• Dataset content:

+-------+

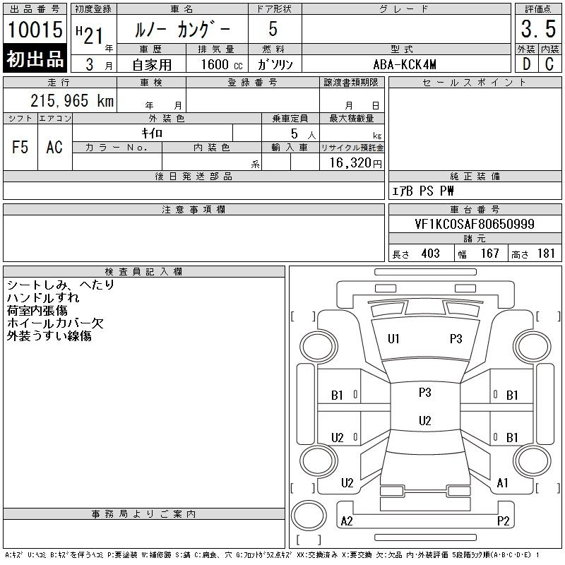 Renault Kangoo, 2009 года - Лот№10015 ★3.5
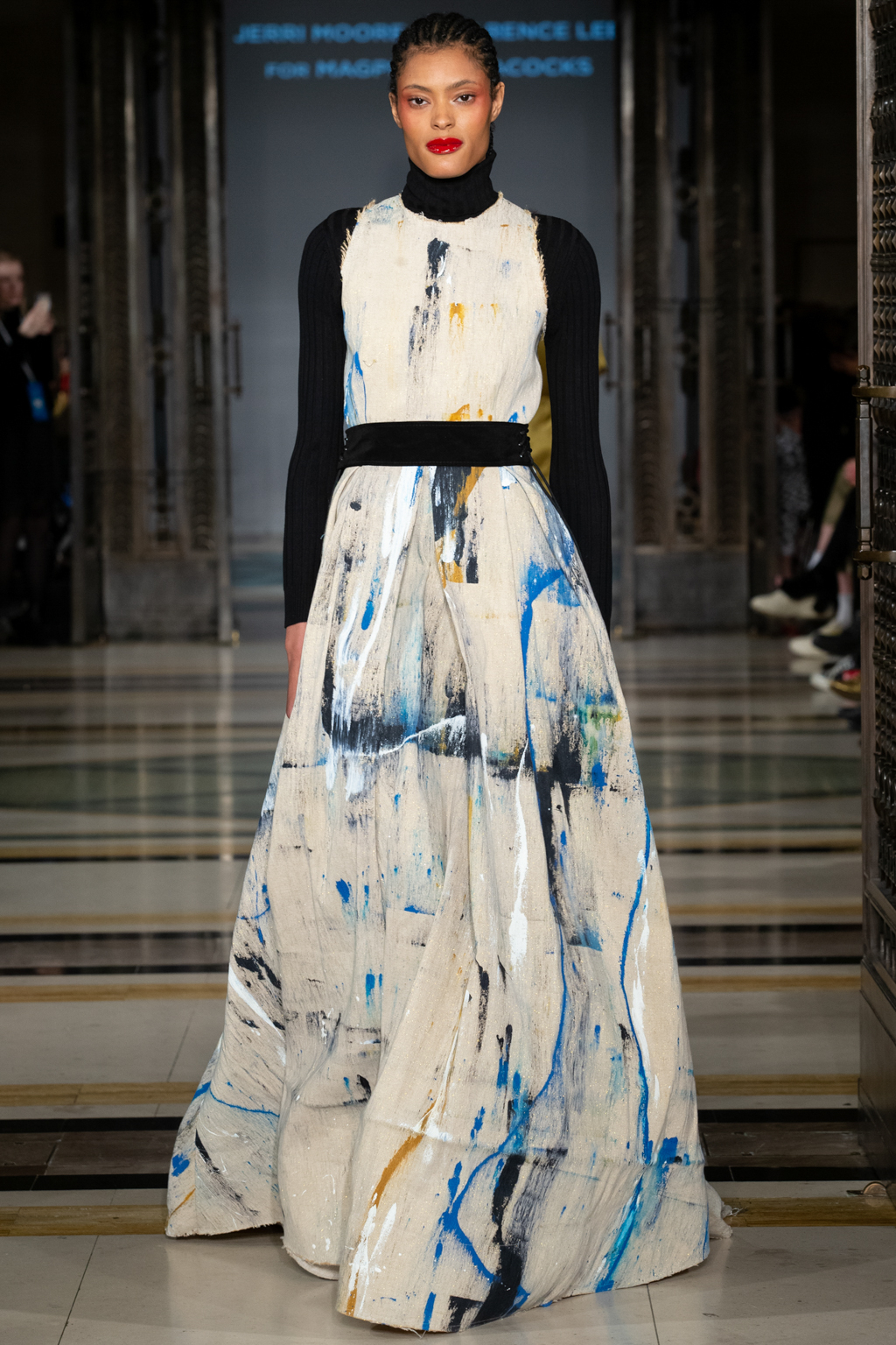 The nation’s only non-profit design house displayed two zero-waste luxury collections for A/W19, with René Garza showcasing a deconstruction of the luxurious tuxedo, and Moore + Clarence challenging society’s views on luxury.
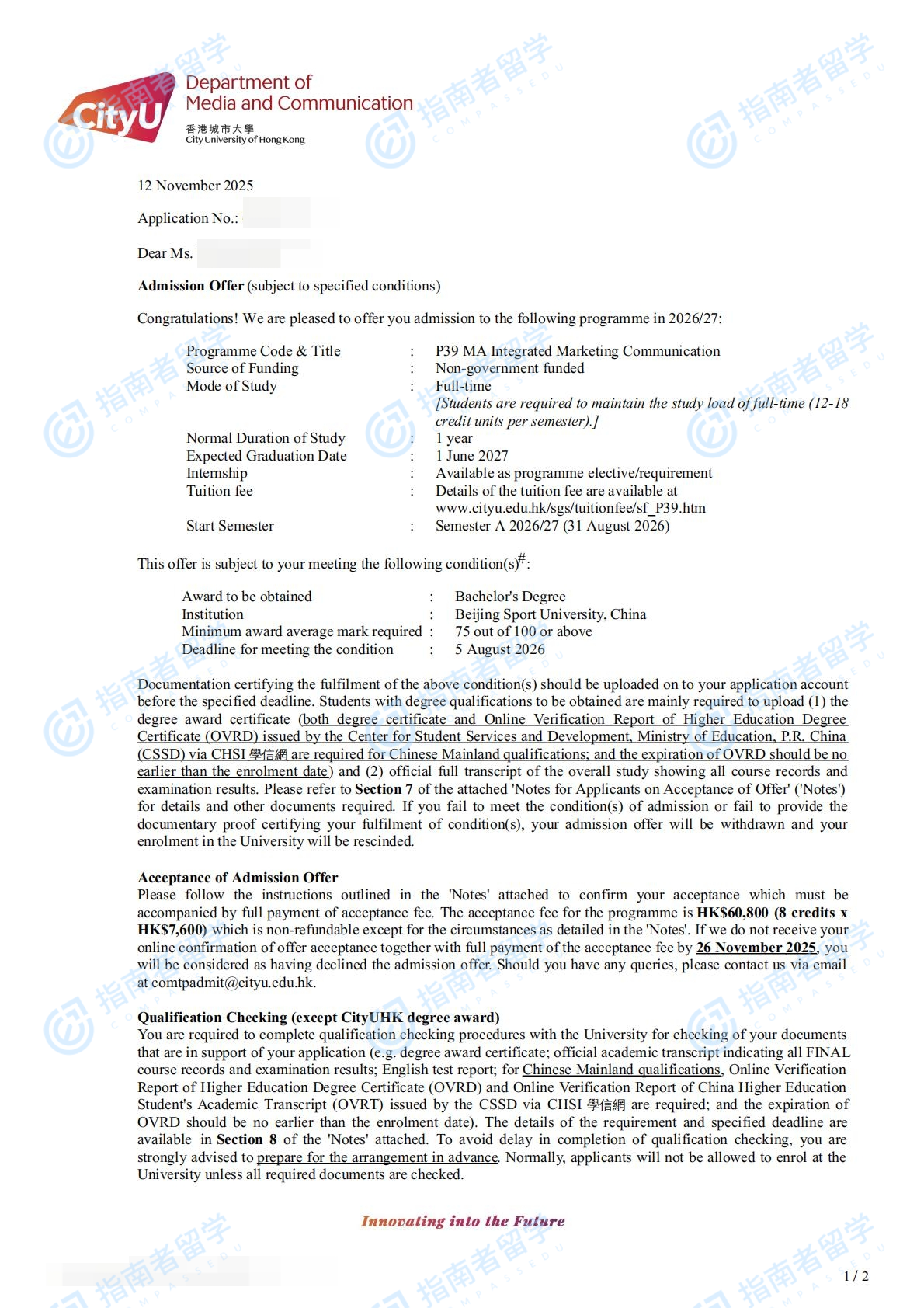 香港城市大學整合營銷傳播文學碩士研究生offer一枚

+-------+

• To do: All of the material above is to be copied exactly, with no pictures.

• Solved problem:
 Renault Kangoo, 2009 года - Лот№10015 ★3.5
 The nation’s only non-profit design house displayed two zero-waste luxury collections for A/W19, with René Garza showcasing a deconstruction of the luxurious tuxedo, and Moore + Clarence challenging society’s views on luxury.
 香港城市大學整合營銷傳播文學碩士研究生offer一枚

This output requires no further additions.